Безответно щурились зеленые Серегины глаза, и только курносый нос Серегин, затерявшийся в суровых припухлостях его обветренного, с красноватыми прожилками румянца, лица, казалось, сочувствовал Аннушкину горю. Подергивал витой ремешок нагана Серега, глядел поверх крыш, поверх деревьев, куда-то в неживую пустоту. И опять молила Аннушка:

– Другая у тебя, знаю. Что ж, слаще она? медом обмазана? И я до тебя, до гуменного чорта, хороша была. В девках красовалась – женихи все пороги обшаркали. Я их гнала, для тебя сохраняла. И не такие были, а ласковые, хоть мосты ими мости... Ну, говори, какая ж она – черная? красивая? молодая?.. – и тормошила Сергея Остифеича за плечо.

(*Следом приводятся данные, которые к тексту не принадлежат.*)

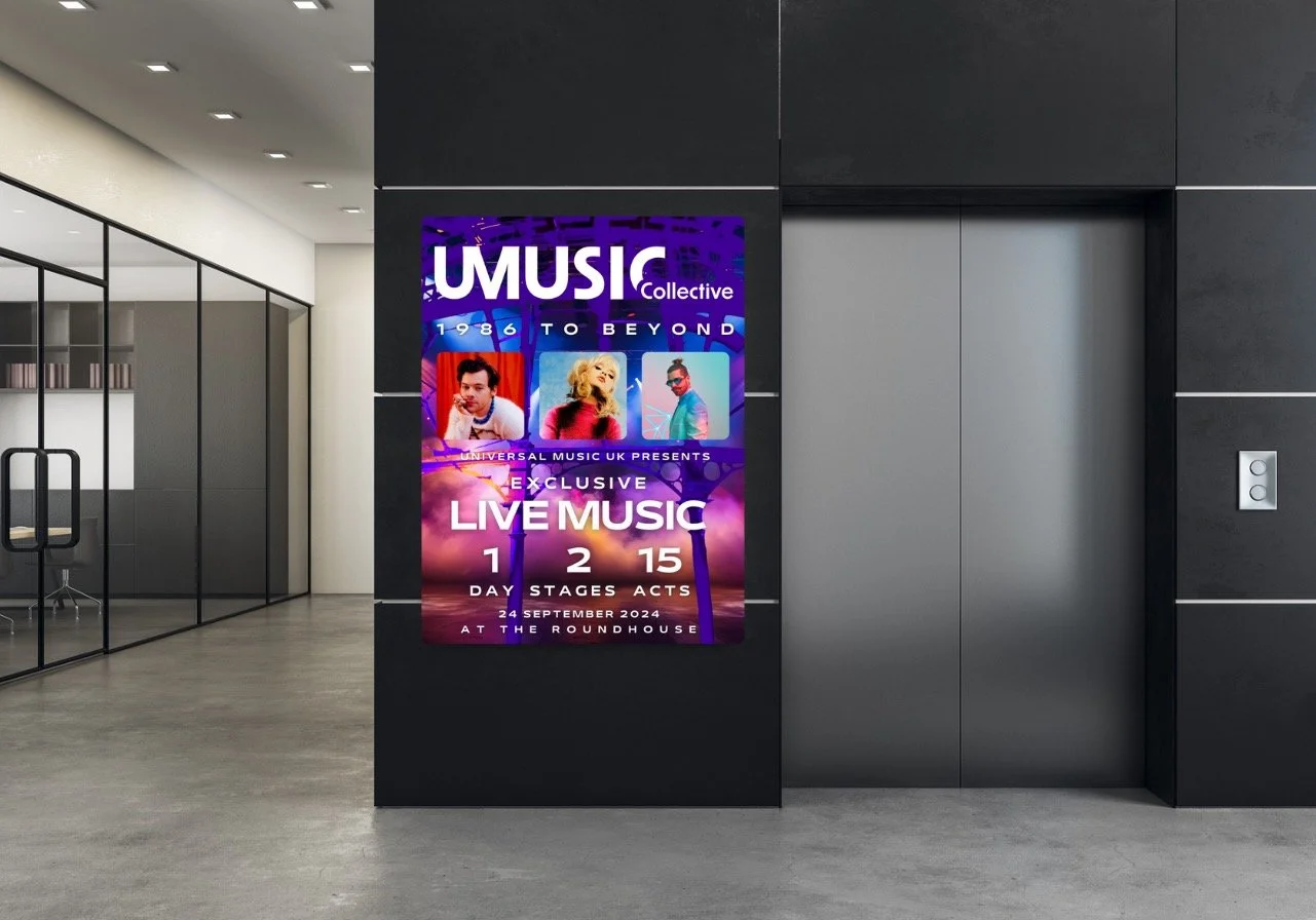This student project gives Universal Music event “UMusic Autumn” an entirely rebranded look. UMusic Collective 1986 to Beyond is an event built on the history of the famous London Roundhouse venue. It reflects the vibrancy, excitement, and energy of the event space and the company. This campaign is meant to circulate within Universal Music’s employee network.
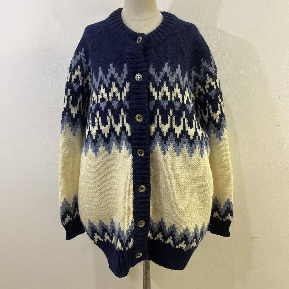 - VINTAGE RUNOX SCANDINAVIAN ニットカーディガン ニットブルゾン 総柄カーディガン ノルディック柄 ウールニット【送料一律/同梱可能】I
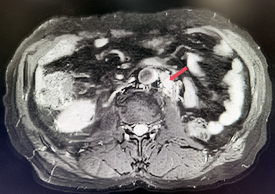 2022年3月:患者因“左腰痛”复查。胸部CT提示双肺微小结节,较前未见明显变化;腹盆MR示:左侧腹膜后多发结节及肿块影,较大者约5.7cm*5.1cm;考虑患者诊断为转移性肾透明细胞癌,IV期,IMDC评分0分,低危组。予培唑帕尼一线治疗8个月,最佳疗效SD。
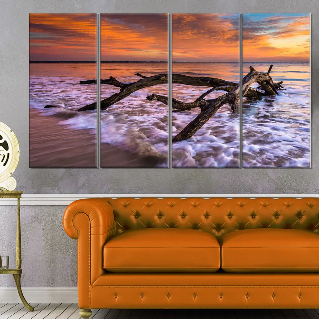 "Huge Branch Of Tree At Seashore" Beach Canvas Wall Art, 4 Panels, 48"x28"
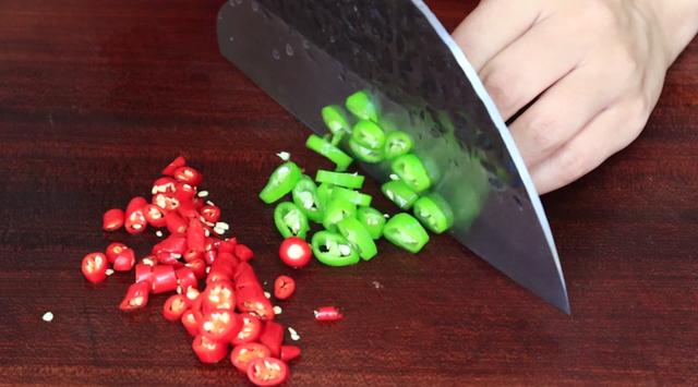 2、接着咱们准备多一些大蒜,切碎然后再剁成蒜末,剁好后装碗备用,再准备一些小米椒和绿椒切成圈备用,小葱切成葱花备用。
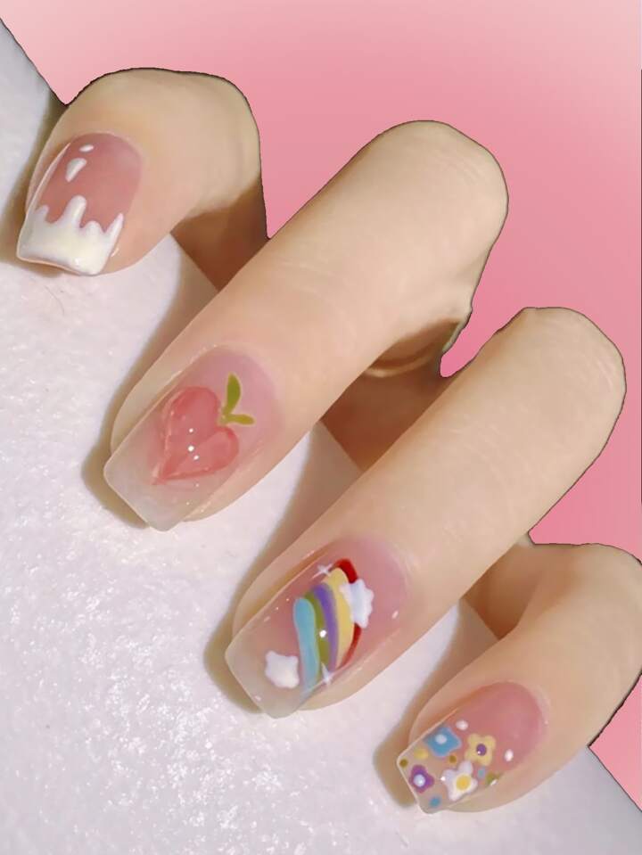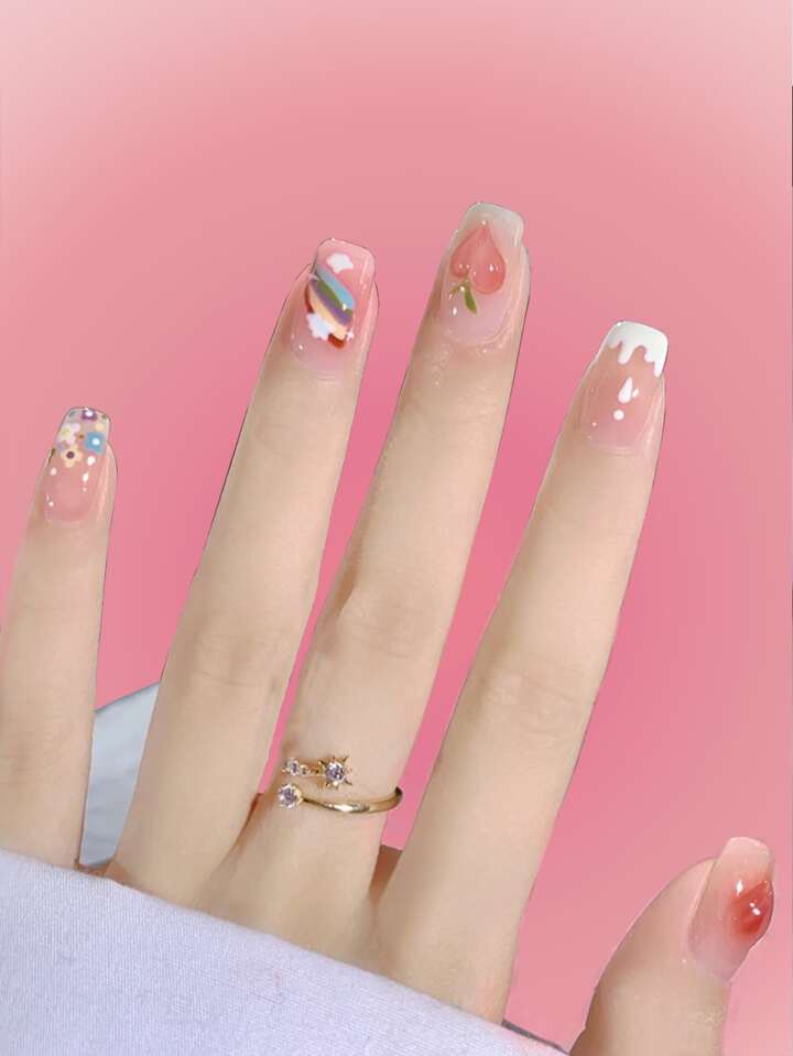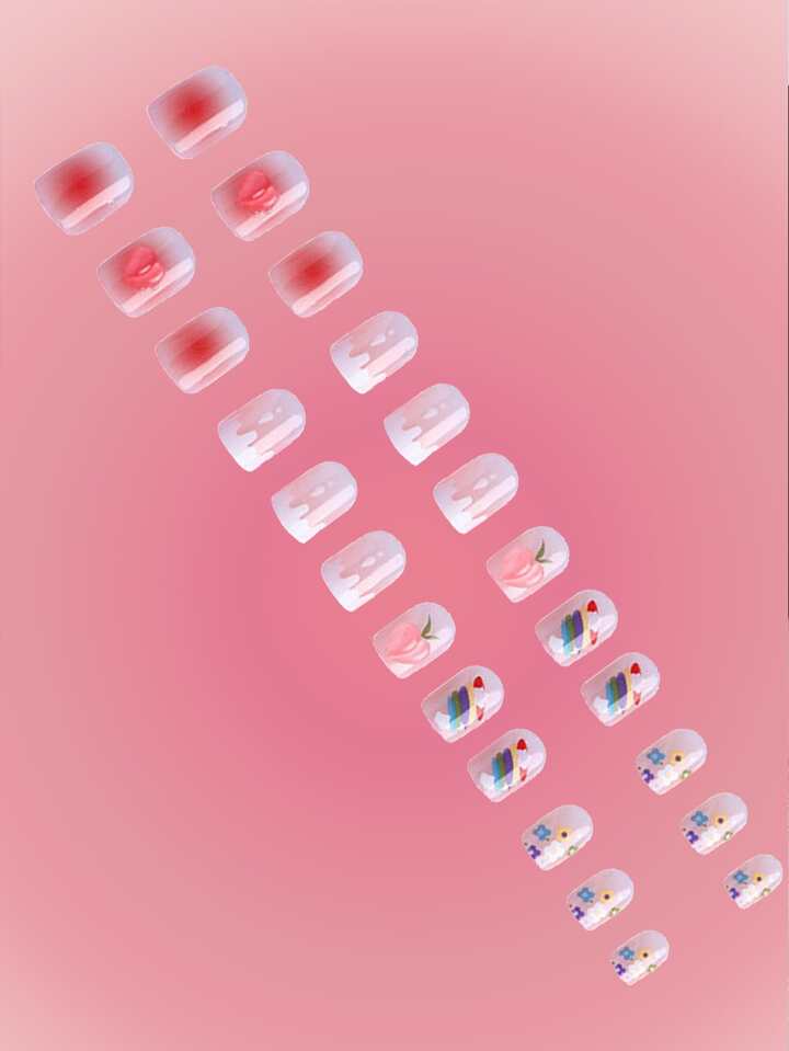Anime 24 pezzi con stampa floreale Unghie finte & 1 foglio nastro
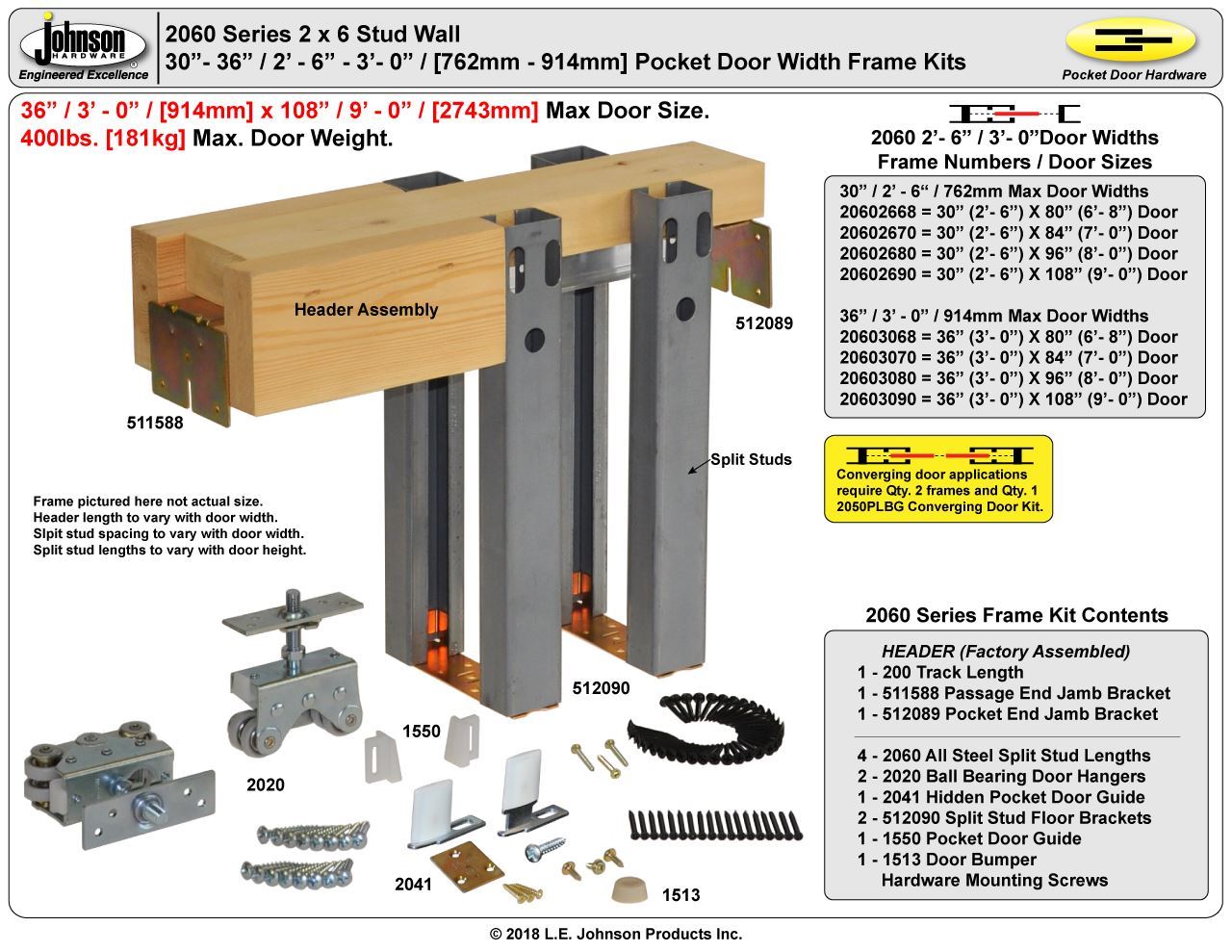 2000/2060 Series Pocket Door Frame Converging Door Kit.
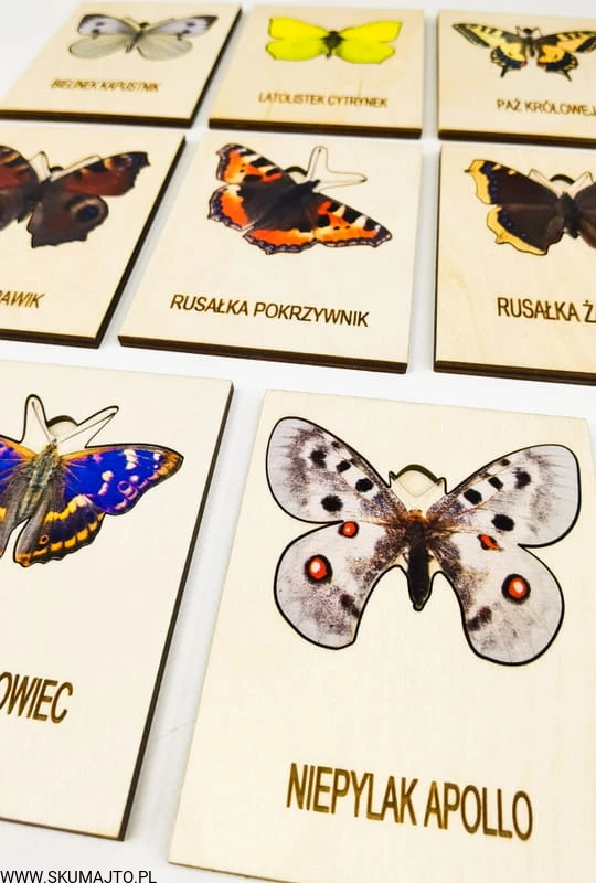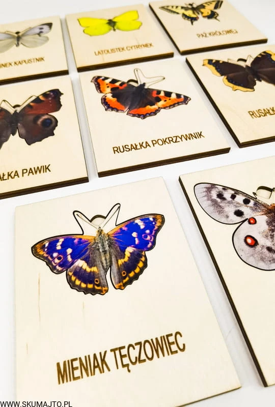 - 8 podstawek z nazwami: Podstawki z nazwami motyli do dopasowywania.

Отмалчивался и порывался уйти Сергей Остифеич, а однажды, разгорячась, заговорил:

– Эх... схлестнулись мы с вами, Анна Григорьевна, в непутный час! И как вы этого не понимаете, что всякое на свете имеет свой конец. Конешно, я всем люб, потому что я всем нужен. Я обчественный человек, служу обчеству. Меня и то уж товарищи в уезде попрекают, бабник мол... Могут, конешно, и накостылять. А какой я бабник? Конешно, есть у меня любопытство к женщине, какая она, одним словом. – Сергей Остифеич потер себе нос, словно стереть с него хотел истинные ощущения свои. – Липнут ко мне бабы, ну прямо хоть усы сбривай! Ведь до чего доходит-то! Марфутка Дубовая пристала намедни и ко мне, и к Петьке: возьмите меня, который-нибудь. Я, говорит, баба хорошая! Чуть не пристукнул я ее тогда... А на вашем месте плюнул бы я на себя, то есть на меня. Гоняйся мол, хахаль, за своими любами, а я мол выше тебя стою... у меня мол муж!

– Сам с ним спи, коли нравится, – злобно засмеялась Анна. – А брюхо-то свое куда я дену? В исполком отнесу? – она с хохотом лезла на него, потерявшая скорбный облик матери, осатаневшая и опасная. – Ах ты дрянь-дрянь! Что ж ты со мной, подлятник, делаешь, в омут гонишь?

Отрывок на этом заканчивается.